Mereological considerations becomes crucial. The woman is a part of the work, but she is also a part that mirrors the form of the whole. She is isolated, partially visible, subject to observation that never quite settles. In this respect, she is not merely in the world of the text; she exemplifies the world’s governing conditions. The same can be said of the observing voice. It is not external to the scene, nor is it securely inside it. It occupies a position that allows it to comment, correct, and retract, but never to exit the system it monitors. The relation between these parts is not additive. The work does not become clearer as more details are supplied. Instead, each added detail recalibrates what counts as acceptable description. This is why repetition is so important. When a scene is revisited, it is not because the text has run out of material, but because the act of revisiting itself is the only way the work can progress. Progress here does not mean moving toward resolution. It means refining the constraints under which the work operates. 

This looping structure explains why the text resists paraphrase. Any attempt to summarise what happens misses the point, because what happens is the ongoing negotiation of what can be said. The work’s identity is grounded in this negotiation. Remove it, and you do not merely simplify the text; you destroy it. 
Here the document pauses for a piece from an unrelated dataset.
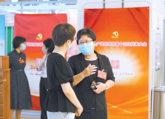 分團(tuán)討論休息時(shí),教育系統(tǒng)的代表在會議室外繼續(xù)交流。本報(bào)記者 賈同軍攝

This is why attempts to read Ill Seen Ill Said as allegory or psychological case study fail. They treat the parts as standing for something else, whereas their real function is to enact a rule-governed process. Psychoanalysis offers a model in which speech is meant to ground understanding. The analysand speaks, associations unfold, and the analyst helps integrate what emerges. Beckett’s text takes the opposite route. Speech does not integrate; it fragments. Each attempt to clarify introduces new uncertainties. The role of vigilance replaces the role of interpretation. What matters is not what the speech reveals, but whether it violates the constraints that define the situation. This does not mean that the text is hostile to meaning. It means that meaning is treated as something that must be earned under severe conditions. The work refuses shortcuts. Emotional explanation, symbolic overdetermination, and narrative completion are all temptations the text recognises and then disallows. This disallowance is constitutive. The world of the text is one in which those moves are simply not available. The text continually confronts the reader with goods that are individually intelligible but jointly unrealisable. We understand what it would mean for the woman to have a backstory, for the observer to have stable authority, for the scene to settle into clarity. But if any of these were granted, the structure would collapse. The work would cease to be what it is. 

Any frustration some readers feel is evidence that the constraint is being felt. Once this is recognised, the language of affect loses its centrality. Feelings of unease, boredom, or fascination are responses to the pressure exerted by the structure. The task of criticism is not to endorse or reject those feelings, but to explain why the work reliably produces them. That explanation lies in the relation between parts and whole, not in the psychology of the reader. 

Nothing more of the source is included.